HARRISBURG, Illinois — A massive winter storm unleashed a string of tornadoes that cut a swath of destruction across the US midwest, killing at least nine people and threatening scores more as it pushed eastward Wednesday.

The town of Harrisburg, Illinois was ripped apart by a deadly twister that stayed on the ground for miles, striking while most were still sleeping at around 4:30 am (10:30 GMT.)

Homes were smashed to bits, cars were tossed into lakes, huge trees were torn from ground, a strip mall was ripped to rubble and a wall was torn off the local hospital.

At least six people were killed and more than 100 injured in this southern Illinois town of 9,000.

The monster twister packed winds up to 170 miles (270 kilometers) per hour and damaged or destroyed up to 300 homes and 25 businesses.

"A lot of the houses are unreal, it's like a war zone," fire chief Bill Summers told reporters.

Rescue crews were digging through the rubble to search for survivors, but Summers said that by late afternoon all those who had been reported missing had been accounted for.

Harrisburg mayor Eric Gregg called the destruction and loss of life "devastating" and vowed to protect and care for those who were hurt and displaced.

"Dealing with a tornado like this is heartbreaking," Gregg said at a press conference.

"We will build this city.
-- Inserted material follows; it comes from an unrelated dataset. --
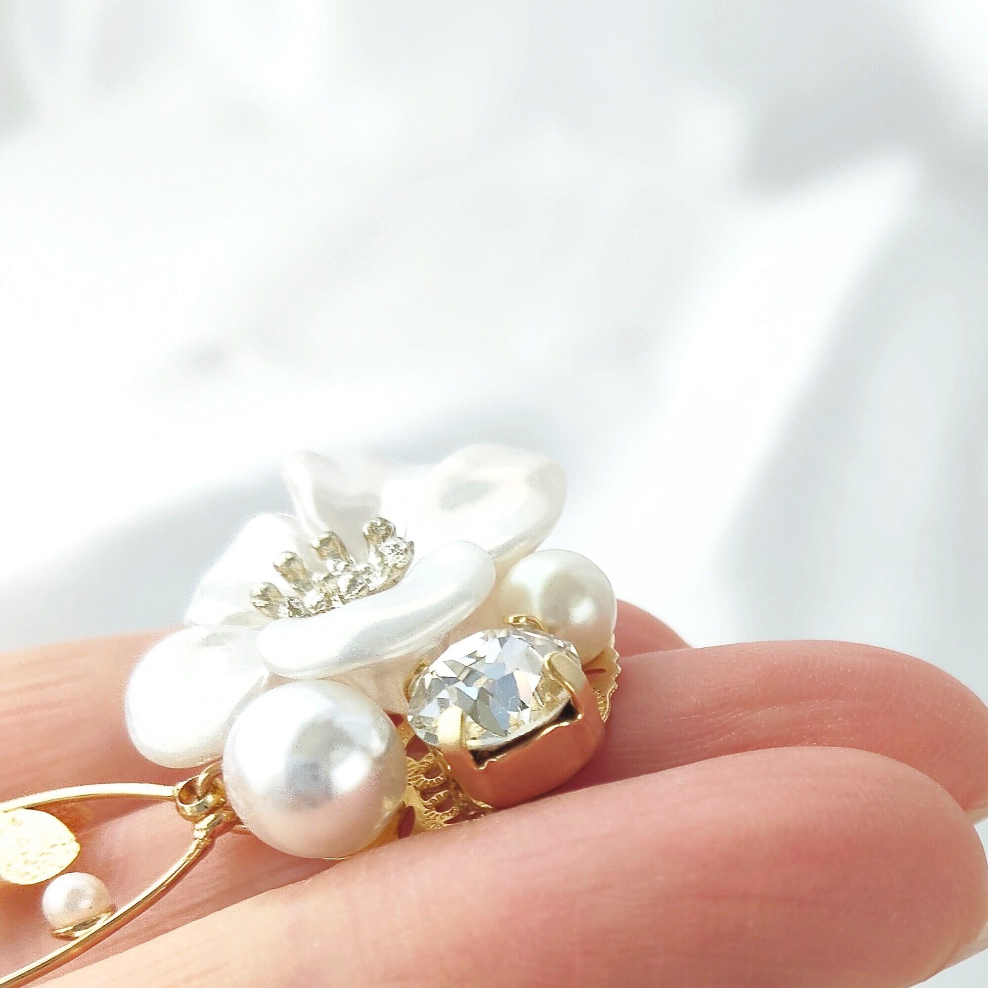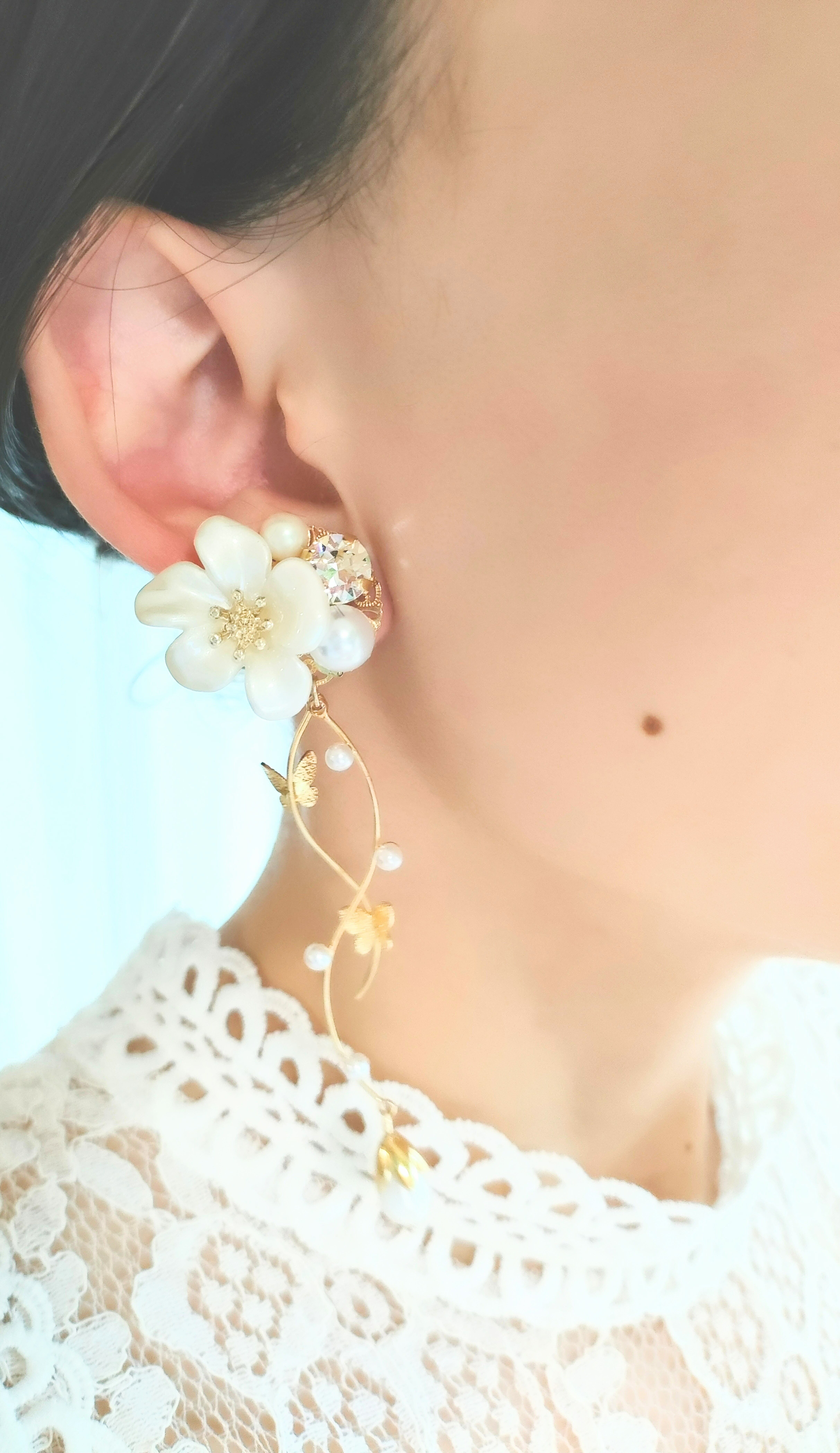 揺れるパールと蝶々が
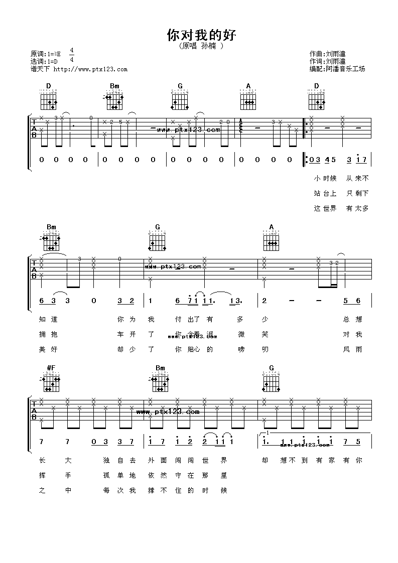 曲谱介绍: 孙楠《你对我的好》吉他弹唱谱,采用D调指法编配,阿潘音乐工场编配出品,共有3张高清图谱。

We will make this city strong. This will not stop us. It will make us stronger."

Angela Capps was among those who sought shelter at the First Baptist Church.

A neighbor called her to warn her of the oncoming twister, so Capps and her children were able to take cover and escape injury.

"Even right now we're emotionally fine," Capps said as she sat with her neighbor while their children played nearby.

"We haven't cried yet, for the kids. I'm sure we'll go in the bathroom eventually and bawl our eyes out."

The National Weather Service has received 22 reports of tornadoes in six states since the storm began Tuesday, battering Nebraska and Kansas, then moving eastward to Missouri, Illinois, Indiana and Kentucky.

Severe thunderstorms were expected to continue to pound Alabama, Georgia, Kentucky, Mississippi, North Carolina and Tennessee Wednesday before moving to the eastern seaboard.

"It's a very large storm," said Corey Mead, lead forecaster for the weather service's storm prediction center.

"There have been a number of tornado reports in addition to damaging winds and hail. We're expecting that threat to continue into today and tonight."

The governor of Illinois issued a state of emergency and went to Harrisburg to tour the damage.

"My heart goes out to the victims of this devastating storm, and I would like to thank the many people who have stepped up and volunteered to aid their neighbors," Governor Pat Quinn said.

"I have met with local community leaders and first responders, and they know the state of Illinois is here to help as they recover from this disaster."

Missouri's governor also declared a state of emergency after at least three people were killed by tornadoes which ripped across the southern portion of the state, causing extensive damage in the towns of Branson, Buffalo, Cassville, Lebanon and Oak Ridge.

The deadly storm marks an early start to tornado season in a region still recovering from record-breaking severe weather outbreaks.

Some 545 people were killed by tornadoes in 2011, which was the deadliest tornado season since 1936 and the third worst on record, according to the national weather service.

Two bad days accounted for nearly all the deaths: an outbreak of dozens of tornadoes that killed 314 people in five states on April 27 and a nearly mile-wide twister that struck Joplin, Missouri on May 22, killing 159 people.

Some 95 tornadoes struck the US in January, causing just two fatalities, the weather service said.